私の気持ちが自分から離れていると感じるのでしょう。
「今な、おひさまパンを作ってるんやで。ほらこんなんやで。焼けたらたべよな。」
パンを見せてそう説明しても全くおさまりません。
他の事なら少々中断できるのですが、パンの形成となると、生地が乾燥して、硬くなったり発酵度合いもまちまちになってしまい、仕上がりに大きく影響してくるので手を休めるわけにいきません。
「ごめんね。終わるまで待ってね。」そう言っても、こんな時の彼の耳には届くはずもありません。
<自己主張の根源>
その様子を見ていると、あるひとつの出来事を思い出します。
それは彼が1歳になるかならないかの時、家に泊りがけで来られる5人のお客さんの夕飯と宿泊の準備を1人で用意した時の事です。
親しい人たちなのでそんな準備も苦にはならず楽しいのですが、やっぱりこども達の相手をしながらだと思うようにいきません。いよいよ予定の時間が迫っているとなると集中しないと事が進みません。そういう空気を察知して央飛人はそれまでなかったように泣き、足元から離れず、余裕のない私はそうした央飛人の気持ちに答える事なしに準備をこなしました。
それまでの彼は非常に安定していて、夜泣きもした事がなく、いつも笑顔で本当に純真無垢な存在そのものの様に思えていたのが、そのでき事を境に彼の様子が変わりました。
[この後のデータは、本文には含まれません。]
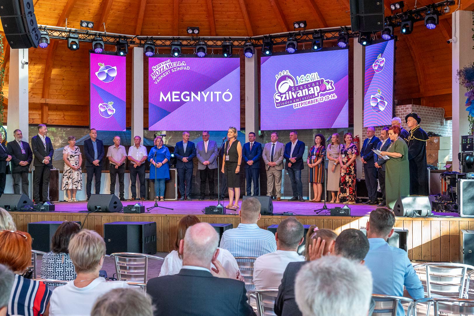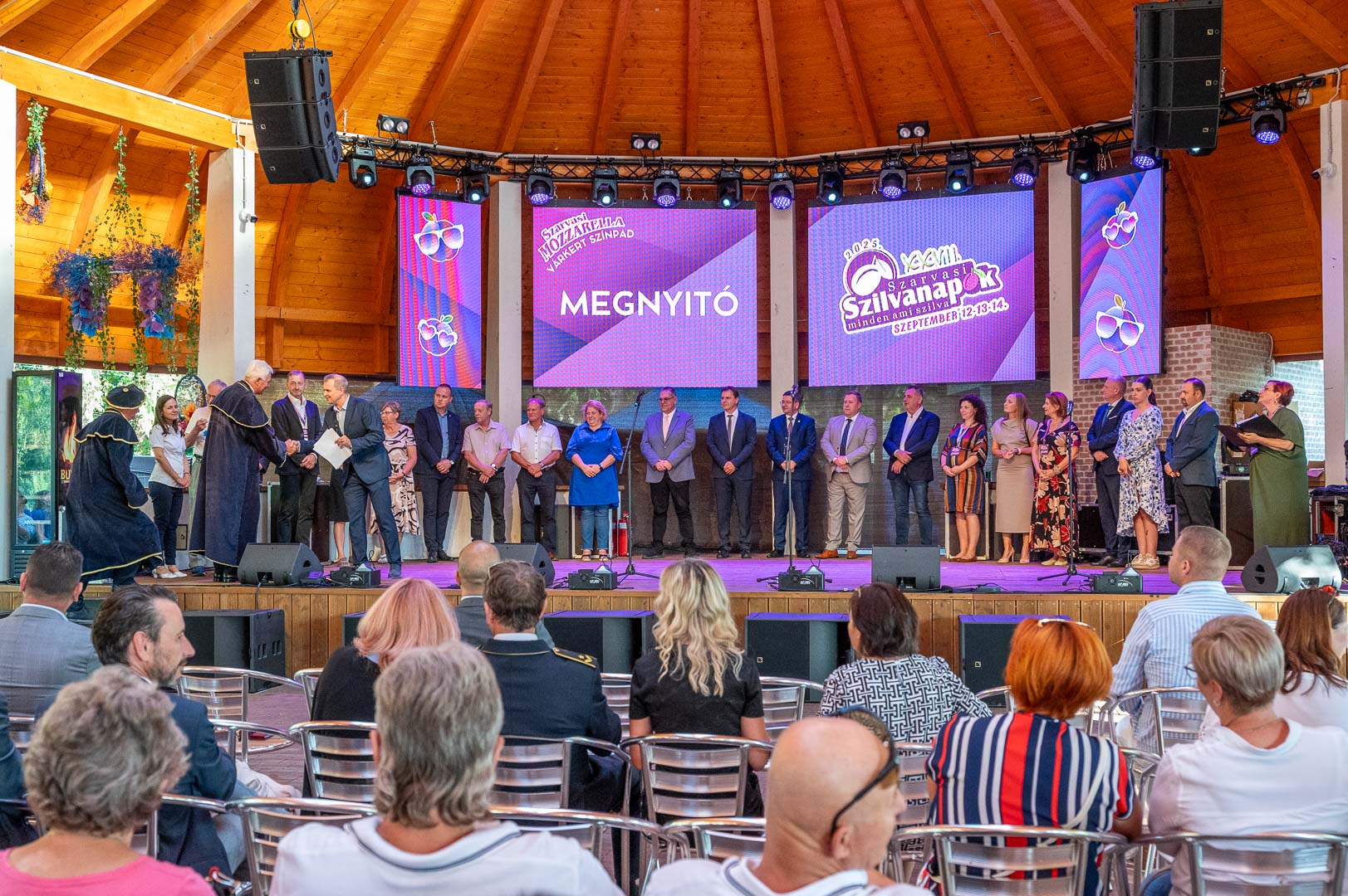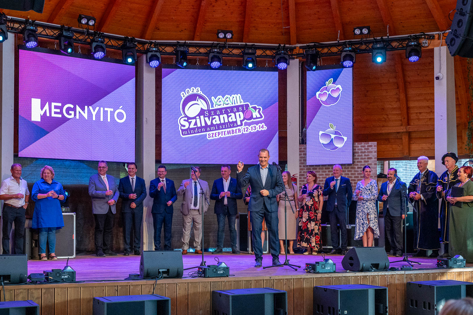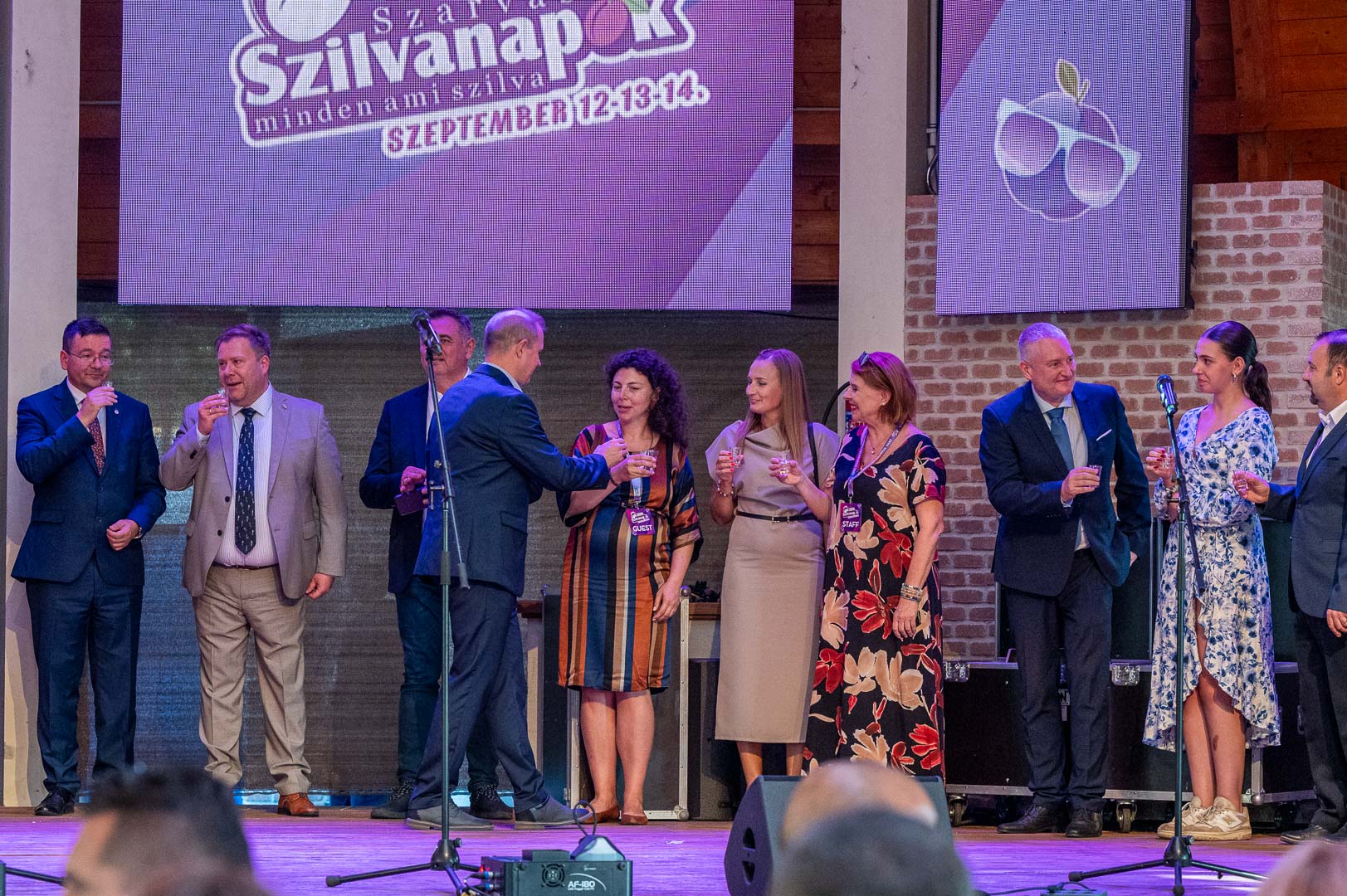 A megnyitóra egyébként a szokásos módon, felvonulással érkeztek a város vendégei és a szarvasi civil szervezetek, iskolák képviselői, ahol mindenek előtt a Szarvasi Muslincák férfikar dalcsokrát hallhattuk. A szilváról és Szarvasról szóló nóták után Fodor Mariann, a Szilvanapok háziasszonya, majd Hodálik Pál, Szarvas polgármestere köszöntötte a közönséget. A polgármester elmondta, hogy a Szilvanapok a város talán legfontosabb és legnagyobb rendezvénye, már nemcsak városi és régiós, de országos rangot vívott ki magának az évek során. Ezekre a napokra időzíti sok elszármazott szarvasi a hazalátogatását, sokan rendeznek nagycsaládi programokat és sok ilyenkor az osztálytalálkozó is. Az idei Szilvanapokat a rendezők térben és időben is kibővítették, hiszen három színpadon kínálják a programokat péntek délutántól vasárnap délutánig. Hodálik Pál ezután a színpadra szólította a XXVII. Szarvasi Szilvanapok díszvendégeit: Bruno Hromyt a Szlovák Köztársaság budapesti nagykövet-helyettesét, Molnár Sándort a Megyei Közgyűlés elnökét, Gaál Rolandot, a Szarvasi Járási Hivatal vezetőjét, Kozsuch Kornélt, a Megyei Agrárkamara elnökét, Bohrát Máriát, Örménykút polgármesterét, Brlás Jánost, Kardos polgármesterét, Molnár Józsefet, Csabacsűd polgármesterét, Toldi Balázst, Gyomaendrőd polgármesterét, Trabach Tibort, Cserkeszőlő polgármesterét, Dósa Zsuzsát a Cervinus Teátrum és a fesztivál igazgatóját, Frankó Annát, a Szarvasi Szlovák Önkormányzat elnökét valamint Groditzki Annát, a Szarvas Városi Diáktanács elnökét. Ezzel azonban még nem volt vége a vendégszólításnak, mert a testvérvárosok képviselőit is kihívta Hodálik Pál a színpadra: Barótról Dombi Hild Rékát, Banovcéról Robert Gasparikot, ÉLesdről Kajántó Pált, Keuruuból Olli Haapenent, Poprádról Adrián Kromkát, Szentegyházáról Simon Rékát, Szilágysomlyóról Szabó Ervin Csabát, Magyarkanizsáról pedig Milos és Danilo Kravicot.

そのとき彼は、<お母さんに拒絶された>…という強い感覚を持ってしまった様に思います。
何か、それに近い様な事があると、彼にその感覚がよみがえっているのを感じます。その感覚を感じ激しく泣いて訴えている様に思います。
忙しい日常の中でも、私が彼と真剣に向き合い、じっくり時間をかけてその氷が自然にとけるのを待つしかないと思っています。